After graduating from high school in 1995, Dolezal attended Belhaven University in Jackson, Mississippi, where she participated in Voice of Calvary, a “racial reconciliation community development project where blacks and whites lived together,” her father said.
She later received a master’s of fine arts from Howard University. Ironically, the Smoking Gun reported Monday, Dolezal sued Howard in 2002, charging that the historically black school had discriminated against her because she was white, removing her art from an exhibition “to favor African American students.”

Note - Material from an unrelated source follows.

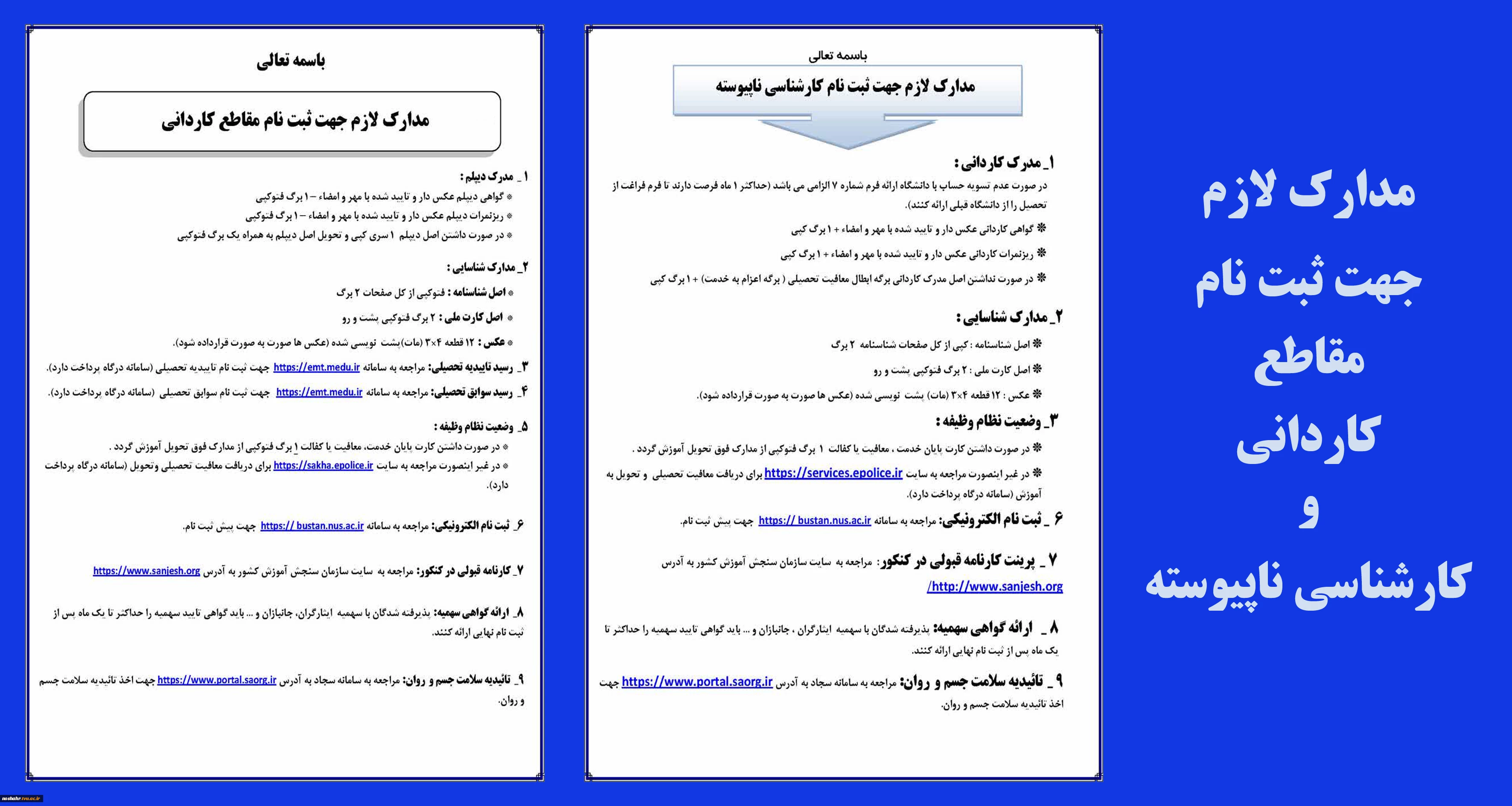 فرم های ثبت نام دانشجویان نو ورود ( کاردانی و کارشناسی)

On Tuesday, Dolezal told Lauer that her scholarship was rescinded and she lost her teaching assistant position at Howard, too, because, she recalled being told, “other people need opportunities and you probably have white relatives who can help you with tuition.”

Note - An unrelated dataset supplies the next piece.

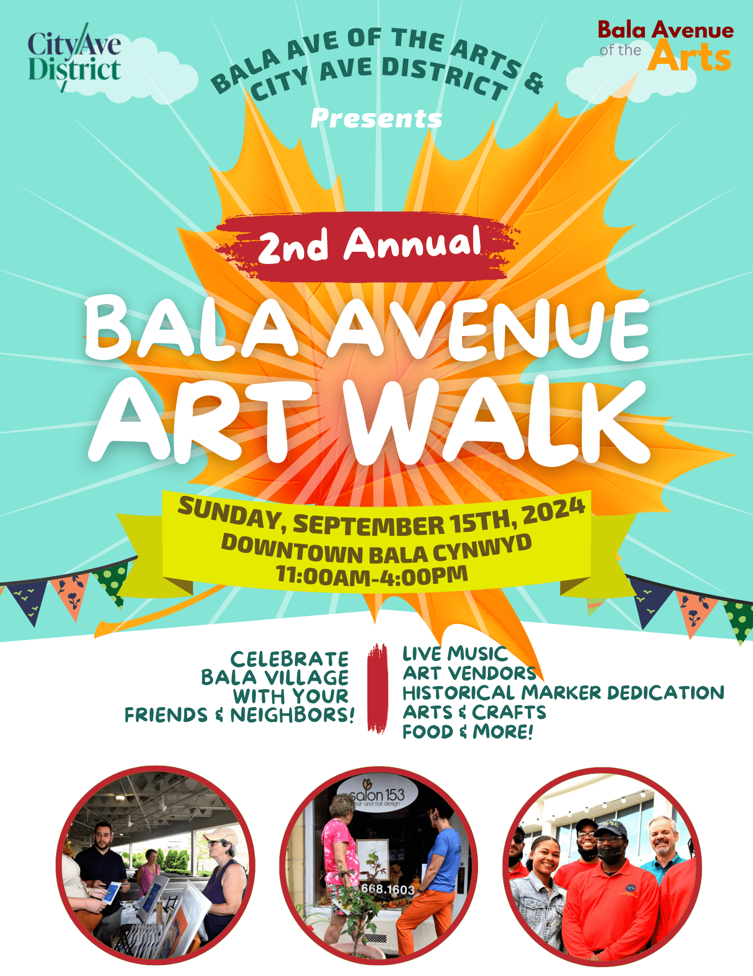 Open Call for artist vendors – Bala Avenue Art Walk Sept. 15, 2024, 11am-4pm; DEADLINE TODAY! JULY 30, 2024 – Market curated by Art Star

Noting that her two sons were in the “Today” show studio, Lauer asked Dolezal how they would identify her.
One of them, Dolezal said, had told her a day earlier: “Mom, racially you’re human. Culturally, you’re black.”
She added: “They support the way I identify.”
But, she said, her parents’ revelation (“She’s clearly our birth daughter, and we’re clearly Caucasian — that’s just a fact,” her father, Lawrence, has said) sparked a broader conversation about identity that, Dolezal said, could prove productive.
“As much as this discussion has somewhat been at my expense recently in a very sort of viciously inhumane way . . . the discussion is really about what it means to be human,” she said. “And I hope that really can drive at the core of definitions of race, ethnicity, culture, self-determination, personal agency and, ultimately, empowerment.”